Secretary of the Department of Shipping and Transport
- In office 29 October 1957 – 8 April 1969

Personal details
- Born: Dudley Cadell Leslie Williams 1909
- Died: 18 March 1985 (aged 75–76) East Melbourne
- Occupation: Public servant

= Dudley Williams (public servant) =

Australian public servant

Dudley Cadell Leslie Williams (190918 March 1985) was a former senior Australian public servant.
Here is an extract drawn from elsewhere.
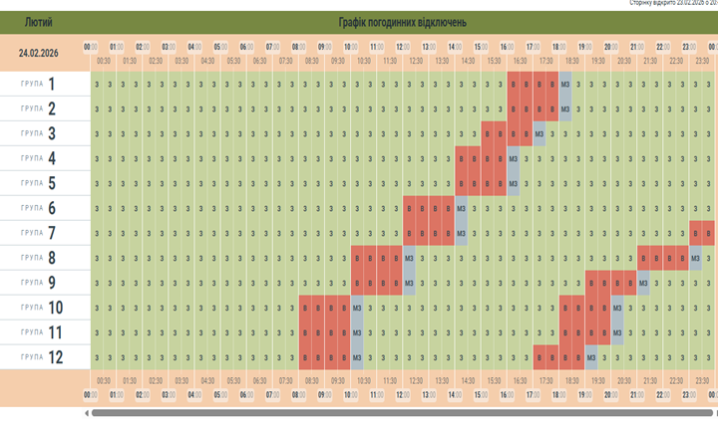 Графік вимкнення для Буковини на 24 лютого.

He was Secretary of the Department of Shipping and Transport between 1957 and 1969.

==Life and career==
Dudley Williams was born in 1909. He attended Wesley College and Queen's College.

Williams joined a predecessor to the Department of Shipping and Transport in 1943. He was appointed deputy chairman of the Australian Ship-building Board in 1952, and Secretary of the Department of Shipping and Transport in October 1957. He retired from the Commonwealth Public Service in 1969.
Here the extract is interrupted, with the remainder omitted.